Navigation
Navigation is the process of determining one's position and plotting a course from one point to another, primarily utilizing coordinates defined by latitude and longitude. Historically, ancient civilizations such as the Phoenicians, Greeks, and Polynesians used celestial bodies and ocean currents for navigation. The development of tools like the magnetic compass and sextant, along with advances in technology such as radio and GPS, have significantly enhanced navigational accuracy. Navigation employs techniques like triangulation, which involves measuring angles from known points to establish one’s location, and is applicable across various modes of transport, including maritime, terrestrial, and aerial navigation.
Modern navigational methods incorporate sophisticated systems like LORAN and GPS, which rely on signals from radio transmitters and satellites, respectively. Additionally, navigational aids such as buoys and lighthouses assist in safe travel across bodies of water. As technology progresses, the field of navigation is expanding into autonomous vehicles and space exploration, reflecting its critical role in both daily life and military operations. Understanding navigation not only requires knowledge of basic principles and instruments but also involves formal training and education in advanced techniques and technologies.
Navigation
Summary
Navigation is the process of plotting an object from one point to another. This is accomplished by determining one's exact position on Earth by visual or electronic means and determining the course to the exact position of the intended destination. Specific points are often defined as measurements of latitude and longitude.
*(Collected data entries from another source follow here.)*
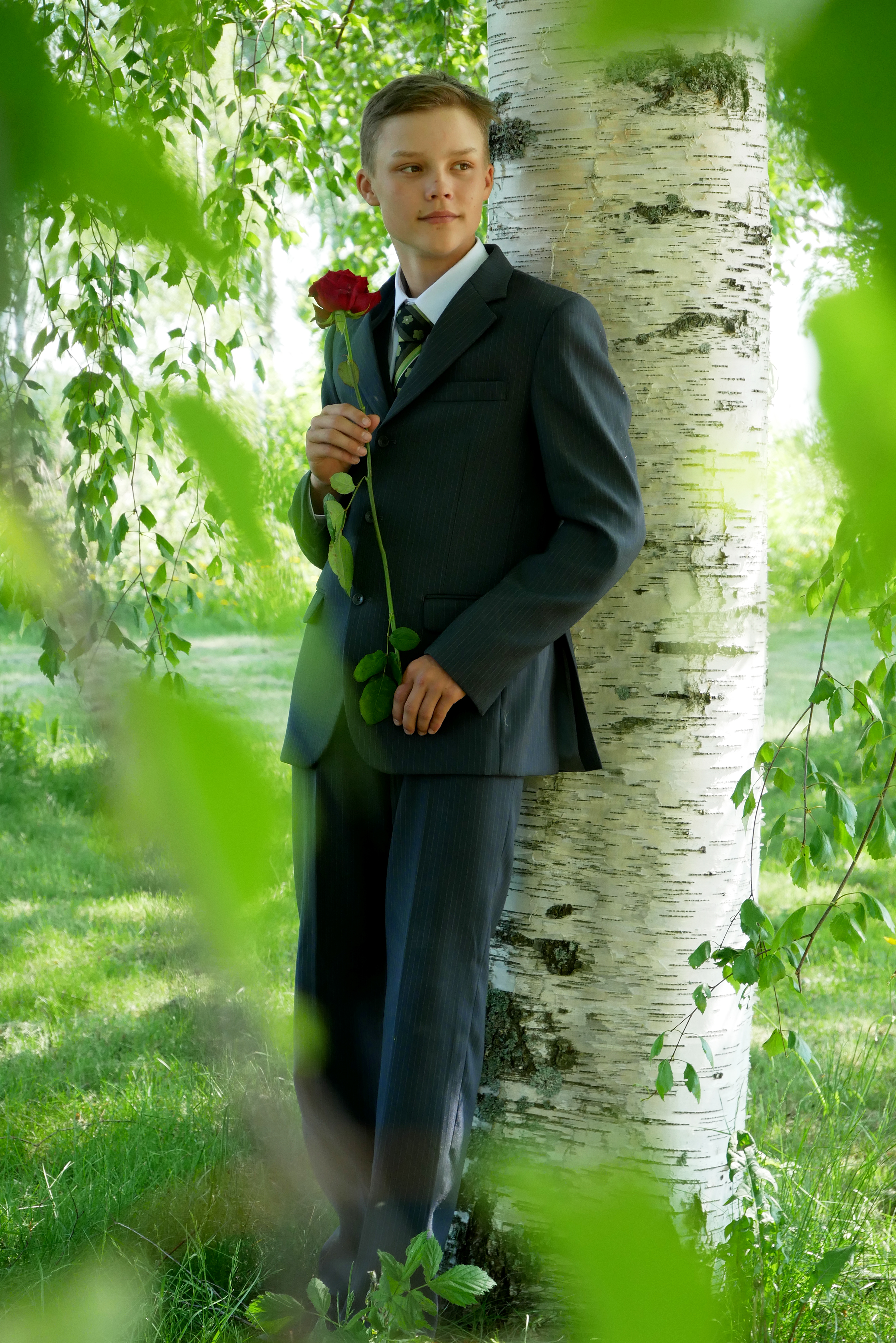 - Man in suit with red rose leaning on a birch tree for photography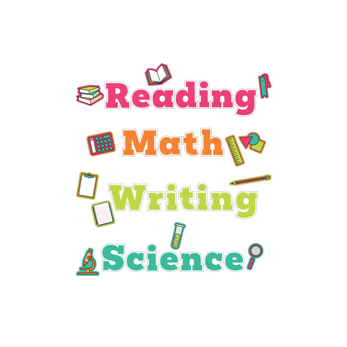 The bulletin board set is a decorative way to highlight reading, writing, math, and science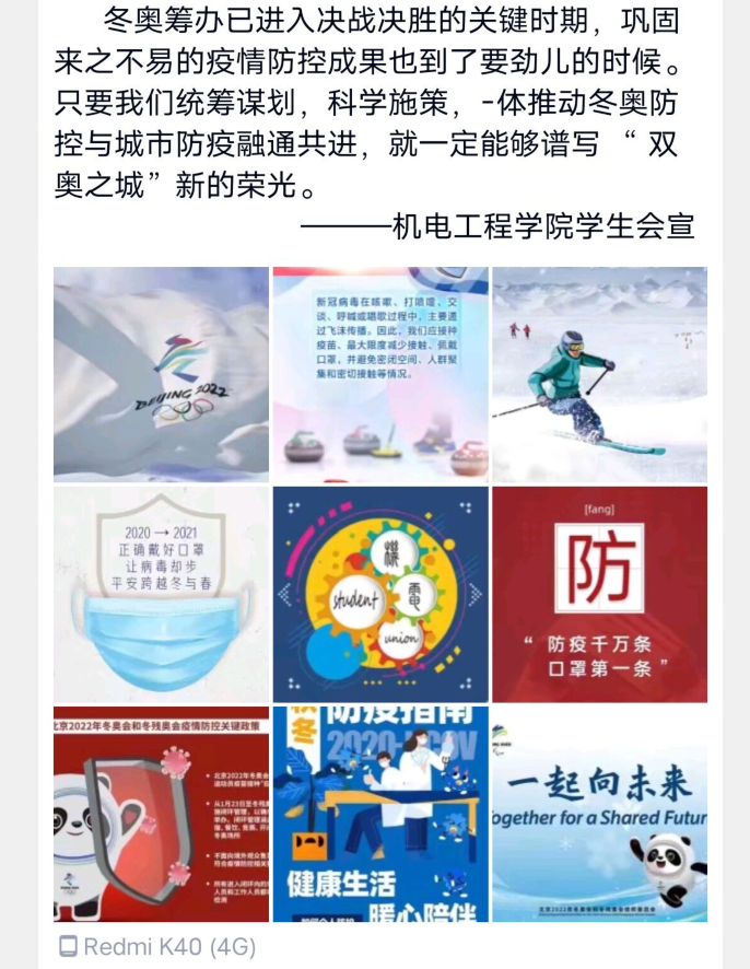 宣传活动分为线上和线下同时进行。线下通过摆展板的方式进行,积极宣传冬奥会,让同学们了解冬奥会的重要性;线上组织全体学生参加“冬奥会防疫”海报征集活动并进行评选宣传,发布“2022冬奥在即·运动需防疫”说说,同学们通过qq、微信等媒体方式转发说说,宣传冬奥会、注重校园防疫。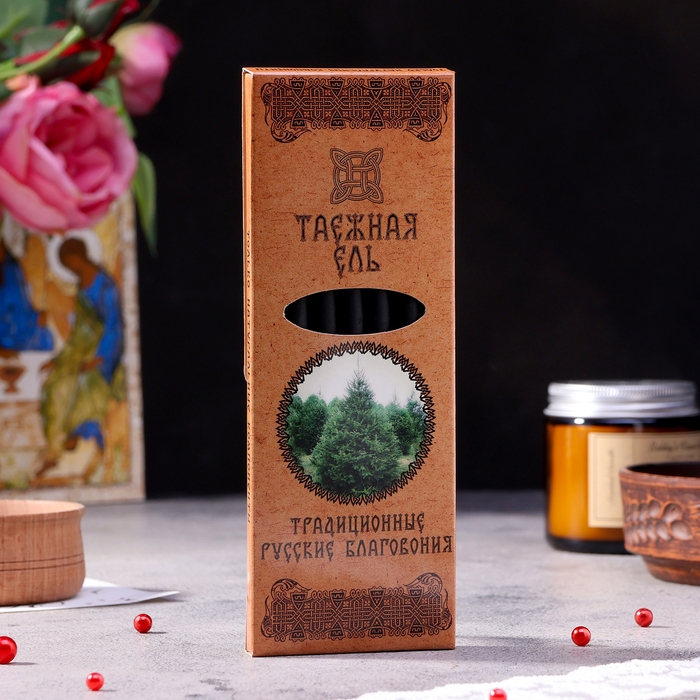 Набор традиционных русских благовоний "Таёжная ель", 7шт + подставка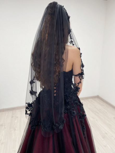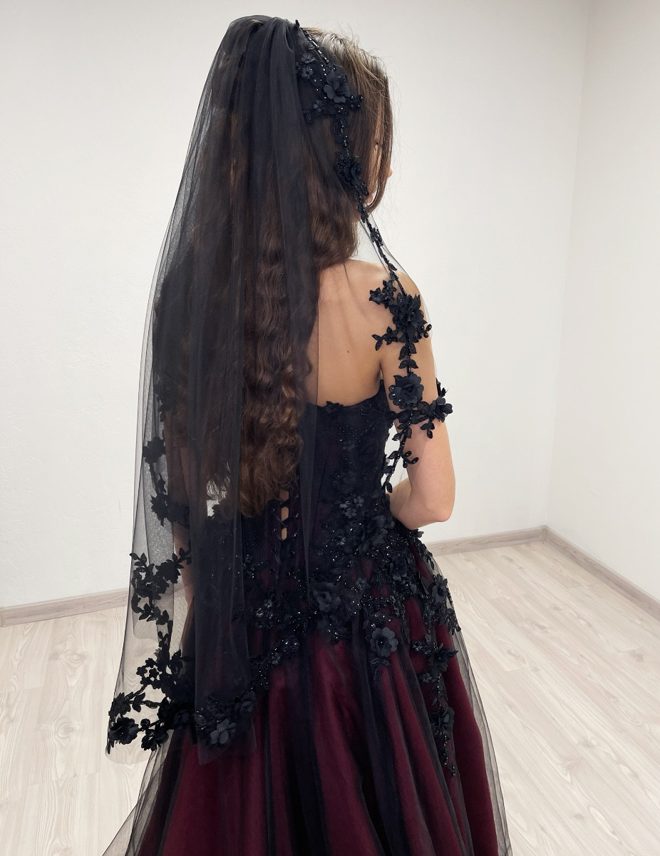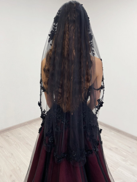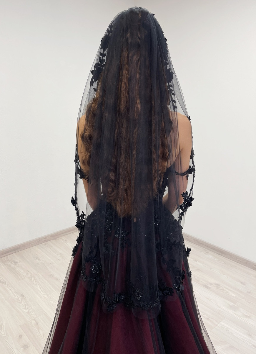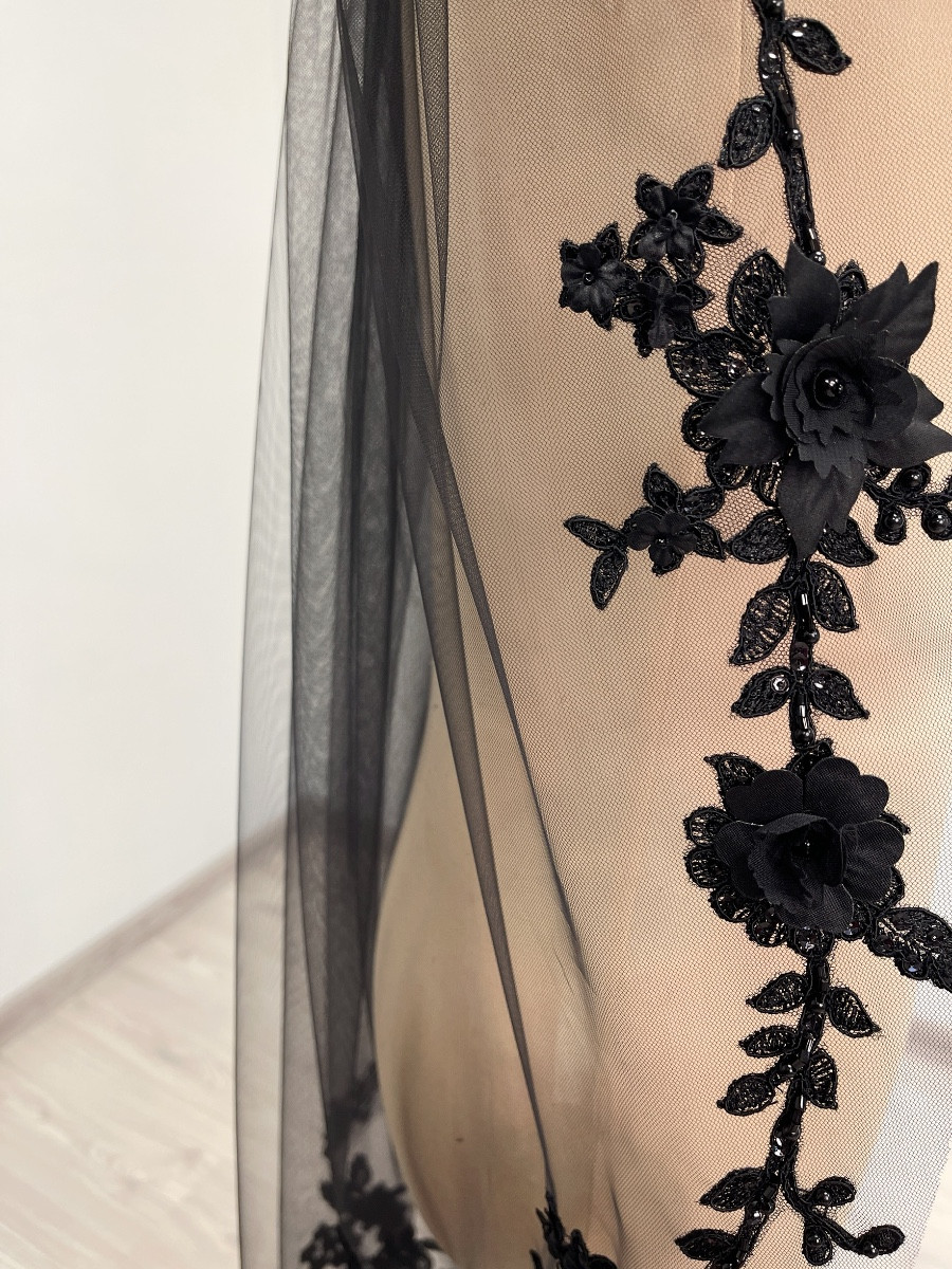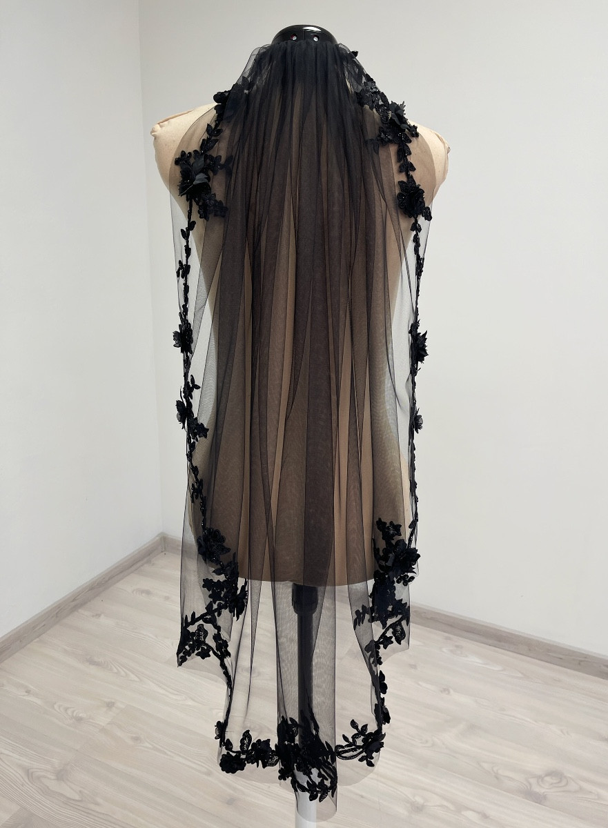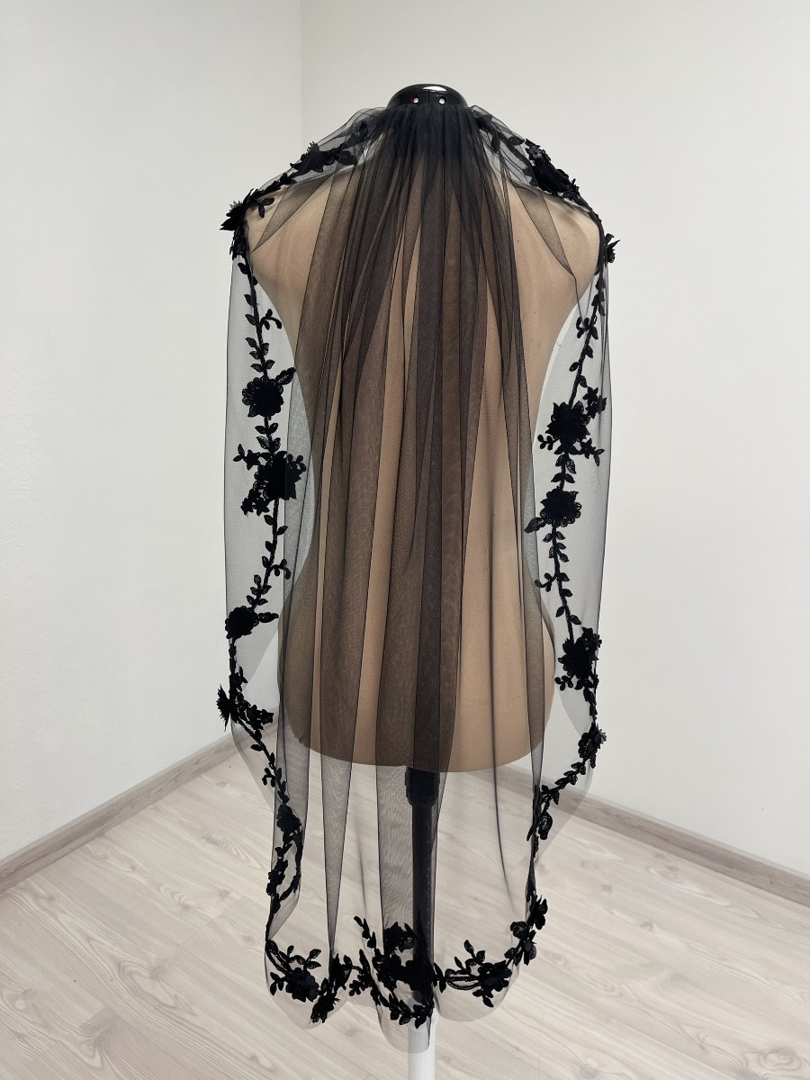 Black fingertip length ( 1 meter / 39 inches ) veil. Decorated with floral beaded trim appliques. The veil comes with a hair comb.

Definition and Basic Principles
Location of one's position is based on trigonometry and the process of triangulation. Triangulation involves determining the location of a point by measuring angles to it from two or more known points. The intersection of the lines from the known points represents one's position.
Prior to the development of electronic instruments such as radio, radar, and Global Positioning System (GPS), the determination of one's position was accomplished using a sextant. The sextant was able to pinpoint one's location accurately by measuring the angular distance between the horizon and a celestial object. Repeated sightings were plotted on a nautical chart. This method was suitable for ships and propeller aircraft.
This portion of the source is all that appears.